The U.S. Dollar Story
Analysts said that the rising U.S. dollar was to blame for gold’s move down on Tuesday, with the U.S. dollar index last at 94.60, up 0.35% on the day.
“There was a bit of an uptick in the U.S. dollar this morning after an anticipation by the market that the dollar will drop,” TD Securities head of global commodities strategy Bart Melek told Kitco News on Tuesday. “For the most part, this is the reason for lower gold.”
And it’s not just today, said ING commodities strategist Oliver Nugent, adding that the U.S. dollar resurgence has been a strong downward driver for gold during the past couple of weeks.
But the precious metal’s “biggest disappointment” this year has been that it keeps failing to attract safe-haven inflows in a meaningful way, according to Nugent.
“Gold has lost that allure,” he said. “It started off with a lot of fatigue earlier in the year. It was close to breaking above $1,350, but consistently failed to generate returns in a rising yield environment.”
SIA Wealth Management chief market strategist Colin Cieszynski also sees the U.S. dollar rally as one of the main obstacles for gold prices in the short term.
“Capital has been coming out of gold, while more money has been coming into the U.S. dollar,” Cieszynski said. “It’s a double headwind for gold.”
The worst part of the summer story could be that gold is not yet done bottoming out. “Gold is oversold, but doesn’t seem to want to bottom out either,” Cieszynski noted.
What’s next for gold?
Analysts are projecting more losses for gold before a rebound, noting that historically summer is a seasonally weak period for prices.
“Nothing fun” is in store for prices in the short term, said Melek, with technical activity pushing gold out of the way.
“This quarter won’t be particular great.

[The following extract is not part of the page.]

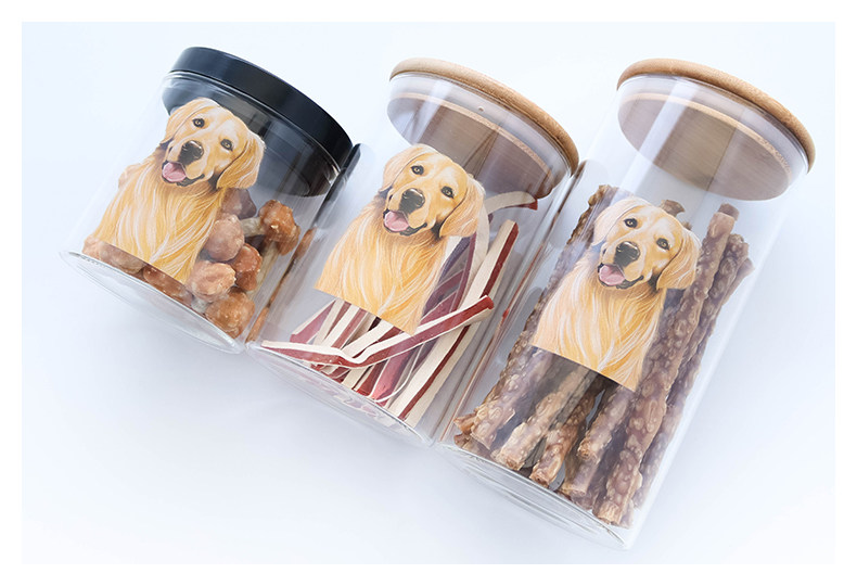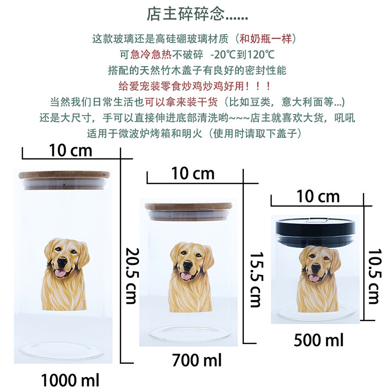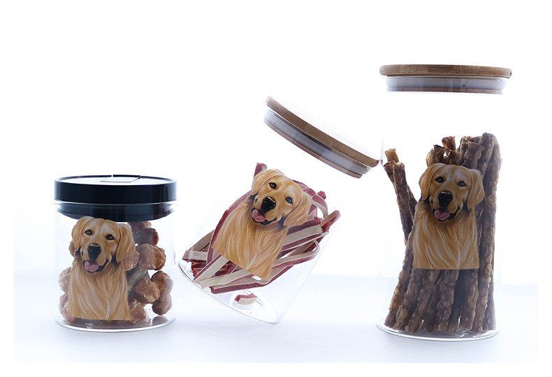 原创金毛系列透明宠物零食罐杂粮瓶厨房储物罐密封罐家用收纳瓶子

We might stay slightly above today’s levels on average,” he added. “We don’t see sustained move beyond $1,300 until early next year.”
Cieszynski pointed out that since the gold market breached the $1,265 support level, the next move could be to test $1,240.
Gold is likely to stay near the bottom of last year’s trading range — $1,240 and $1,360, Cieszynski added. “We could be getting closer to a seasonal washout, but we are not there yet,” he said.
On the positive note, the interest-rate environment is becoming more favorable for gold, with inflation expectations rising — a good sign for the precious metal that has traditionally been viewed as an inflation hedge, noted Melek.
On top of that, lower gold prices might encourage more physical buying in key markets, including China and India, Nugent pointed out.
“If you look at the jewelry demand in China, it has been incredibly robust already after being stimulated by lower prices. Plus, the turnaround in India is expected. At lower prices, we could see more buying,” he explained.